# Rental Cars



## highballing (Oct 4, 2011)

I think it be great if we can compile a list of Rental Car Places either at the Train Station or within half a mile walking distance from the train stations in the US. While Amtrak sometimes provides some info. I found it allot of times to be out of date and not always correct.


----------



## amtkstn (Oct 4, 2011)

Trains magizine did a one page story on that subject sometime last year. Don't remember what month. There is a thread about this some time ago on this forum.


----------



## fairviewroad (Oct 6, 2011)

Sometimes rental agencies list an Amtrak station as a location but it often means they'll pick you up

there as opposed to having cars on site. This is better than nothing of course, but in many cases

those are "neighborhood" types of locations with limited hours.


----------



## DET63 (Nov 24, 2011)

fairviewroad said:


> Sometimes rental agencies list an Amtrak station as a location but it often means they'll pick you up there as opposed to having cars on site. This is better than nothing of course, but in many cases those are "neighborhood" types of locations with limited hours.
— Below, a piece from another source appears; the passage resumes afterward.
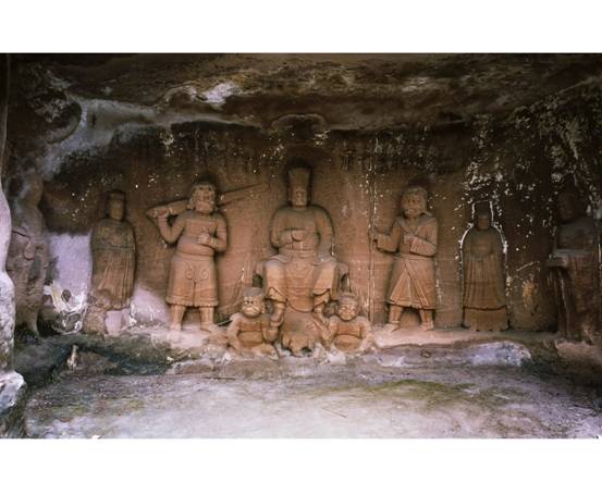 南岩的五代造像题材多达27种,首次出现了“十六罗汉”、“毗沙门天王”(图五)、“地狱经变龛”(图六)、“地藏菩萨与十王变”等新内容。其造像小巧玲珑,神情潇洒,衣饰简练,衣纹细密,薄衣似帛,既带有唐代的丰厚、典雅,又具有宋代的俊美、华丽。明王龛,千手观音龛,地藏菩萨、十王变龛、罗汉龛、北方毗沙门天王龛等,帔巾凸起高出体表,甲片鱼鳞片片可数。这种精致细腻的雕刻手法,是中国民间雕塑民族化的成功表现。景区内绿树环绕其间,自然、人文景观赏心悦目。唐代的舍利塔,古朴庄重。宋代伟大的数学家秦九韶纪念馆建造宏伟,气势雄浑。

A lot would depend on whether or not the rental company's hours coincided with the hours the train(s) arrived and departed.


----------



## Devil's Advocate (Nov 25, 2011)

This is a huge issue IMO. There are no rental offices near most of the stations I use and even if there were the hours would never match up. Seriously, this is a major problem that holds me back from trips where I can't get things to line up properly. Meanwhile I never have to worry about this sort of inconvenience at most airports.


----------



## pdxjim (Nov 25, 2011)

I'm happy to report that I rented a car in Mt. Pleasant IA last month from a local car dealer who has been around a long time. He brought the car to the station (kept an eye on the erratic CZ schedule) and when I was done with the rental, had me park the car at the station with keys under the mat.

Wonderful small town friendly service. I was charged $20 per day and .18/mile. I highly recommend this company: Boles Auto Sales

Jim in PDX


----------